Justo allí, en una de sus avenidas principales, hay un enorme horno de vara y de palito. A través del vidrio puedes ver la hoguera y su rueda de varillas ensartadas en brillosos chicharrones, tiernas terneras y racks de costillas. 5 horas, 6 horas, 8 horas hasta retotearles las garritas, soltarles las carnitas y apretarles las grasitas, por eso ese sabor tan único, tan especial: solo es fuego, solo es humo, solo es tiempo y un pucho de sal.

Pedí el chicharrón y las costillas, y me las sirvieron en un canastico con plátano maduro (el más maduro), con arepa boyacense, yuca, guasacaca, papita mugre y ají casero. No sé qué estaba más rico: ¡¡¡todo estaba más rico!!! Qué bendita perdición.

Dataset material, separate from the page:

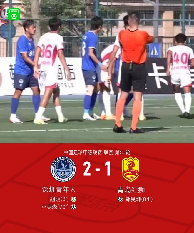 北京时间11月8日,中国足球甲A联赛第30轮,深圳青年主场迎战青岛红狮。深圳小将付明得分,卢靖森得分。青岛红狮队郑浩坤进球。最终比分是深圳青年2-1青岛红狮。重要事件:第8分钟,张义轩送出点球,胡明主罚点球破门,深圳青年1-0青岛红狮。第70分钟,宾吉文右路传中,卢靖森头球破门扩大比分,深青2-0领先。第8号 比赛进行到第4分钟,仇建一获得禁区内任意球。郑浩坤头球破门,扳回一分。青岛红狮1-2。两支球队的球员都参加了比赛。比赛马上就要开始了。第8分钟,张义轩主罚点球,胡明跟进罚球。深圳青年1-0青岛红狮。第26分钟,姚书辰发笔表达不满阿尔蒂踢。裁判向他出示了一张黄牌。第59分钟,一记倒三角传球从左侧底线传到门前。第70分钟,卢凯文的射门击中边网。 ,宾吉文右侧传中,卢靖森头球破门扩大比分,深青将领先优势扩大到2-0。第84分钟,周建一禁区内任意球,郑浩坤头球扳回一分。青岛红狮1-2队阵容技术统计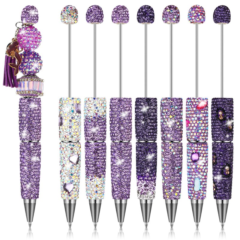 Sayglossy 7 Pcs Glitter Beadable Pens Full Rhinestone Fancy Ballpoint Pens Assorted for Beads DIY Diamond Beaded Pen Kit Cute Journalling Ballpoint Fun Bling for DIY Craft Making (Purple)

La costilla iba de arriba abajo, 5 dedos de pura carne pulpita, de la piel crocante hasta el tierno hueso y sus sueltas punticas. Era chicharrón arriba, era costilla abajo ¿costichi? pero el más carnudo, jugoso y regustoso, 4 pisos de purita felicidá; ¿y el chicharrón? venía sacado del mismo costillón, o del azotao lomo que en la vara su piel había reventao. El corte más arriba y su sabor superior: más grasa, más crema y su piel caramelo quebrando el sonido al rededor… no he salido aún… y yaaaaa quiero regresar. Qué delicia por DIOS.